### Problem requirements
Return the entries that follow exactly, with no images.

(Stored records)
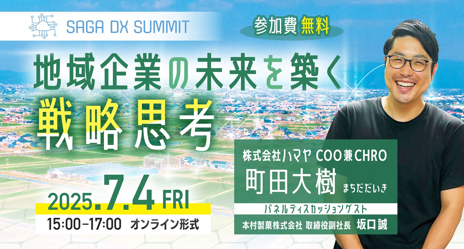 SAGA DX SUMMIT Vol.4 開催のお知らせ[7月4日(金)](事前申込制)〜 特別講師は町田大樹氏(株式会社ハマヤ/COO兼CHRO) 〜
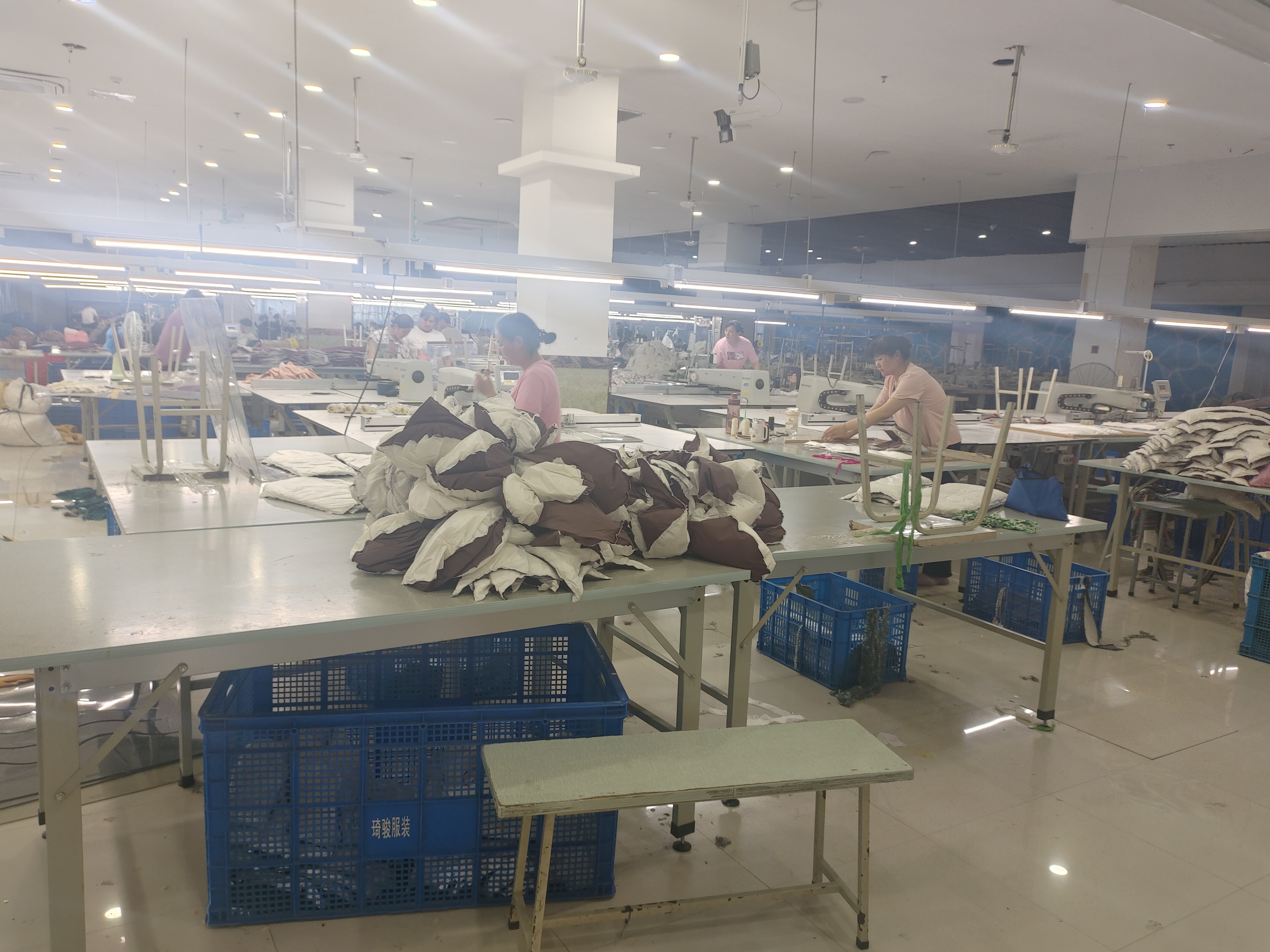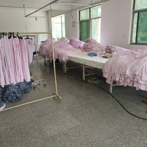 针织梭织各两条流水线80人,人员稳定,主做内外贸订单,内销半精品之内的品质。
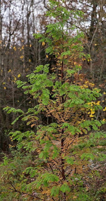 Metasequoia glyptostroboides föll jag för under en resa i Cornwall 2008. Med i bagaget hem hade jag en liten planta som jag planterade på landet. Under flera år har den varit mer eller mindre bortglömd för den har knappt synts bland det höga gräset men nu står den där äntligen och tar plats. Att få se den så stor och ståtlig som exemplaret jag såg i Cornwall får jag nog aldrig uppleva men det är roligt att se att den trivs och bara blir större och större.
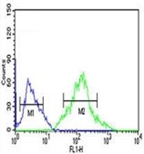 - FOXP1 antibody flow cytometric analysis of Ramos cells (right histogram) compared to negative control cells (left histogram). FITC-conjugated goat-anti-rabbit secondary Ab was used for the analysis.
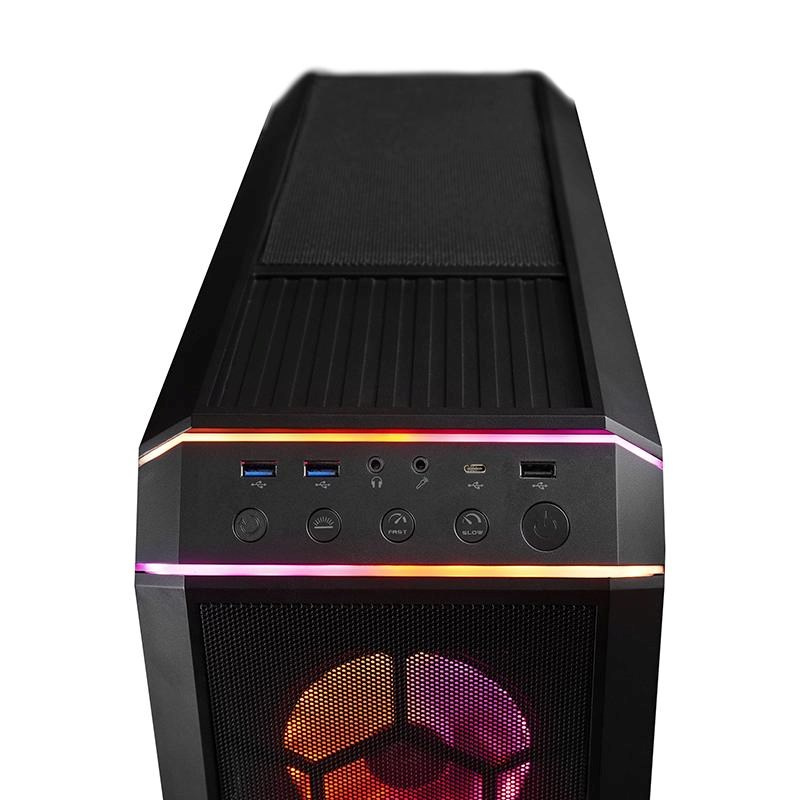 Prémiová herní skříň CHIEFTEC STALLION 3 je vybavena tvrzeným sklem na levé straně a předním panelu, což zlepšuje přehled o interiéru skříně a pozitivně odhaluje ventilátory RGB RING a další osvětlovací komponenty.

### Result of this exercise
 SAGA DX SUMMIT Vol.4 開催のお知らせ[7月4日(金)](事前申込制)〜 特別講師は町田大樹氏(株式会社ハマヤ/COO兼CHRO) 〜
 针织梭织各两条流水线80人,人员稳定,主做内外贸订单,内销半精品之内的品质。
 Metasequoia glyptostroboides föll jag för under en resa i Cornwall 2008. Med i bagaget hem hade jag en liten planta som jag planterade på landet. Under flera år har den varit mer eller mindre bortglömd för den har knappt synts bland det höga gräset men nu står den där äntligen och tar plats. Att få se den så stor och ståtlig som exemplaret jag såg i Cornwall får jag nog aldrig uppleva men det är roligt att se att den trivs och bara blir större och större.
 - FOXP1 antibody flow cytometric analysis of Ramos cells (right histogram) compared to negative control cells (left histogram). FITC-conjugated goat-anti-rabbit secondary Ab was used for the analysis.
 Prémiová herní skříň CHIEFTEC STALLION 3 je vybavena tvrzeným sklem na levé straně a předním panelu, což zlepšuje přehled o interiéru skříně a pozitivně odhaluje ventilátory RGB RING a další osvětlovací komponenty.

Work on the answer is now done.